On return to the Lower East Side, Berman began to dream about creating a thug-gangsta look for the up-and-coming hip hop bands of that moment. She, then, created in her loft on Rivington St., an iconic suit known as simply, "The Jail Suit." The Jail Suit was then sold at Patricia Field's store under "JoAnn Berman is BOIY KRAZI". Immediately after seeing these suits at Patricia's, then P. Diddy, known as Puff Daddy at the time, called Berman to request suits for his new group, Jodeci.

She created those suits and sent them to him at Uptown Records three days later. Two weeks later, Puff Daddy requested more. Two weeks after that, Puff Daddy called Berman again and requested they meet at her studio at 109 W. 27th St. for what was known as "the surprise." He arrived to her studio with Heavy D. Al Diaz was present as well. Berman was given an order for four jail suits for Heavy D to wear in Michael Jackson's 1992 "Jam" video, that would soon become some of her most notable pieces. A month later, Michael Jackson's 1992 "Jam" video premiered on MTV and Berman's career skyrocketed.

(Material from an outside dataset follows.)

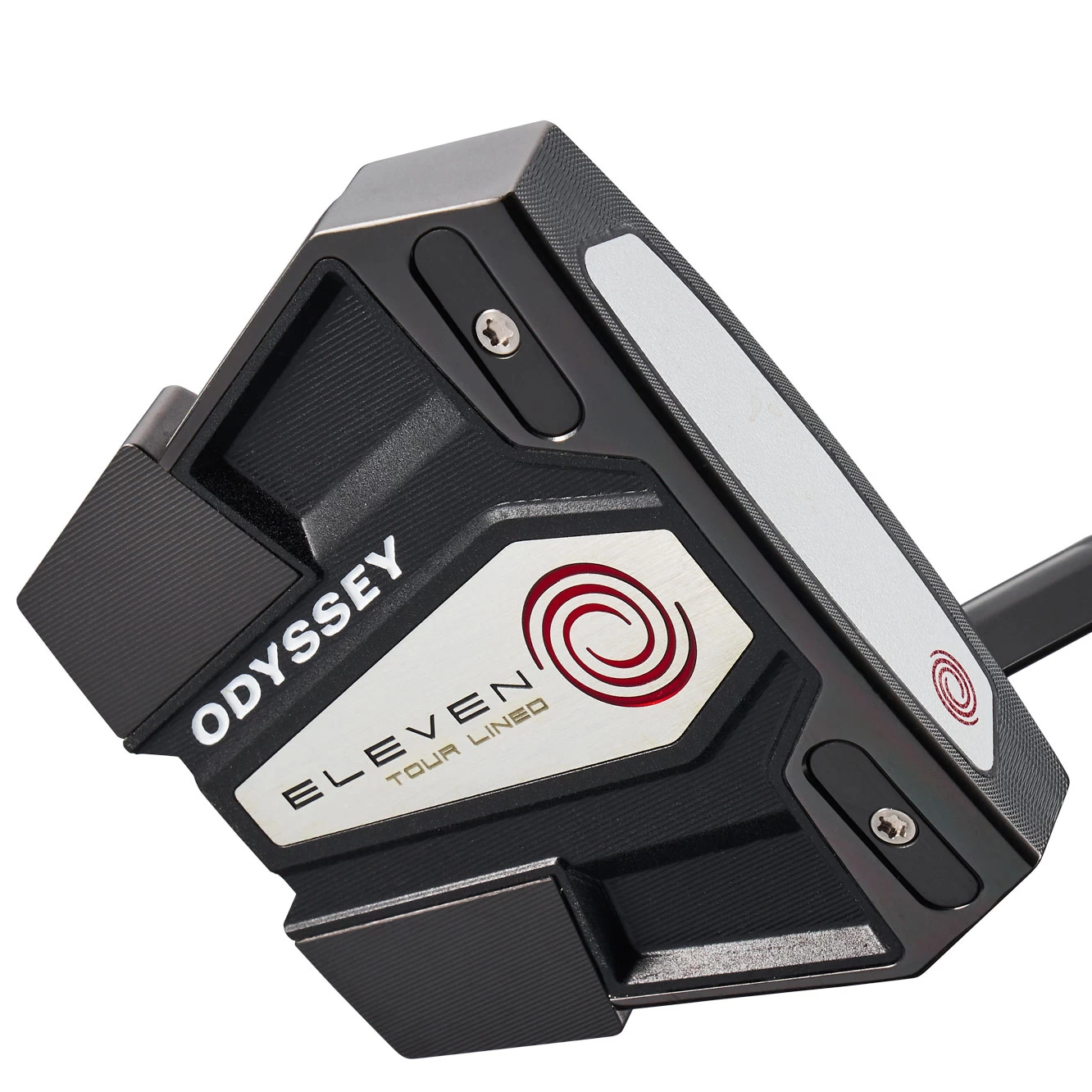 Odyssey Eleven Tour Lined S Golf Putter The Odyssey Eleven Tour Lined S Golf Putter is a toe hang mallet which is best suited for golfers who play with strokes that feature moderate face rotation and arc.& By using a multi-material design, Odyssey has been able to move the Center of Gravity forward nearly a ¼ of an inch compared to other mallets, while increasing the inertia substantially. This movement of the CG has led to a club that now has improved performance, spin control, control of speed and consistent speed on putts even on off-center hits. As Well as a much tighter downrange dispersion for putts that stay online. The new shape design of the Eleven has allowed for advancements to be made when looking at the forgiveness and alignment compared to the major winning Ten Model . This new design has been chosen as it helps players properly frame the ball with right and alignment as they prepare to sink their shot, while also including high MOI for even better accuracy.& The Eleven S also features the most popular putter insert of all time, Odyssey’s White Hot insert. This insert is back with its original formulation and creating the same feel, sound and performance as before. To go along with this, a super lightweight TPU sole insert has been used to further improve the sound and feel, while also adding very little weight to the center of the putter’s head. Odyssey has decided to use their newest generation of Stroke Lab shaft, which features even better performance. This has been achieved by shortening the steel section, which allowed for 7 grams of weight to be saved. Then the shaft was made stiffer and more stable to allow for even more consistency on strokes.& While the shape of the club has been designed to create additional forgiveness, the crowned design also includes the tour preferred single alignment line.& The Odyssey Eleven has been designed to completely reimagine what performance in a mallet can be. By including the legendary White Hot insert, still recognised as the number one insert on the Tour, a unique head shape, and the Stoke Lab shaft Odyssey has been able to create a mallet that will get the best out of anyone’s game.& Features & Technologies New Eleven Shape The Eleven shape advances the forgiveness and alignment properties of our major winning Ten model. It’s designed to help you properly frame the ball with the right alignment at address, along with high MOI for better accuracy. Red Stroke Lab Shaft The newest generation of our proven multi-material Stroke Lab shaft features even better performance. You’ve probably seen the world’s best players use it on TV, especially on Sunday afternoons! By shortening the steel section, we reduced the weight by seven grams. We also made it stiffer and more stable for even more consistency in your stroke…and your performance. Forward CG & High Inertia Using a multi-material design, we’ve moved the CG forward nearly ¼ of an inch over other leading mallets while increasing inertia substantially. This creates improved performance, speed control, spin control, speed consistency on off-center hits, and a much tighter downrange dispersion for putts that stay on line. Super lightweight TPU Sole Insert This insert helps us improve the sound and feel, while adding very little weight to the center of the putter head. Crowned Design The crowned design allows us to finish the shape and provides a blank canvas for various alignment aides.Plain, lined, or Triple Track versions are available. White Hot Insert The most popular putter insertof all time is back with the original formulation, feel, sound, and performance.

After the release of the "Jam" video, her iconic designs, appeared in Paper Magazine, Italian Vogue with Cindy Crawford, American Vogue, and The New York Times Style page. She continued to create looks for the tours of Jodeci, as well as Salt n' Pepa and Proyecto Uno. She even went on to create designs for Joe Public's "This One is For You" video. At this point in her career, Berman took the time off to travel to Mexico with Diaz, where they camped through the jungles of Chiapas and notably, Palenque, which changed her life. The mysteriousness and magic of Mexico, then, grew to become a huge influence in the development of her aesthetic upon her return to New York. When Berman returned to New York, she focused on taking care of Diaz, exhausting her emotional and mental energy. She had to stop and close her business, BOIY KRAZI.

After closing BOIY KRAZI, in 1998, Berman and Diaz parted ways amicably. Berman, then, went on to teach in East Harlem and acquired a studio on 3rd Avenue and 119th St in East Harlem. In addition to teaching, for some time now, Berman had been silk screen printing with the screens she had kept from BOIY KRAZI. Inspired by her travels in Mexico and her day-to-day visuals of the then, rough East Harlem, Latin gangsters, she then met Fabio Anzolin Borges, a student at AMDA who became her best friend. Borges was a Brazilian actor from Florianopolis. Borges and Berman would often spend entire days dreaming of 17th century Brazil and as a result, Berman created and became more passionate with her imagery of re-vamped Afro-Brazilian art, history and culture. Berman then opened her first store, BOIY KRAZI, in 2007 on 112th Street and 2nd Ave. Rihanna was her first customer, whose then single, "Umbrella", was number 1 on the charts.

Within a month, Berman's store was burned to the ground and was under an arson investigation. After this trauma, Berman regrouped and moved to Brooklyn, N.Y. After moving to Brooklyn, Berman with Leonel Logrono, a Dominican sewing machine repairman, whom she married in 2005. She then proceeded to open another store in Williamsburg, BOIY KRAZI'S GROOVI GARDENS. BOIY KRAZI GROOVI GARDENS stayed open from February 2008 to late 2008. Shortly thereafter, Berman opened her third store, Thug Mama, on N4th St. in Williamsburg in 2011.
FURNITURE

Before her store burned to the ground in 2007, Berman took her textiles and began creating upcycled furniture as art. Using her printed fabrics and antique frames, she began reupholstering furniture.

In 2008, Berman resumed her fashion career in Bushwick in Brooklyn, N.Y. She became the premiere designer at The Green Shows. Berman showed in Fashion Week and received the 2011 Ecco-Domini Semi-Finalist award in Sustainable Clothing. She also received Time Out Magazine's and WWD's Breakout Designer award. Berman sewed, printed and patterned everything herself. Berman also appeared on the premiere episode of Lifetime Television's " A 24 Hr. Catwalk", which she won.

After frustration with the clothing industry and her approach to her clothing being a one-of-a-kind, reconstructed art piece, Berman turned completely to furniture. Her upcycled Chrome chair appeared in the Thanksgiving issue of the 2013 NY Magazine's The Cut's Best Bet. She then appeared on the April 2014 cover of New York Cottages and Gardens for her mini-rock star arm chairs.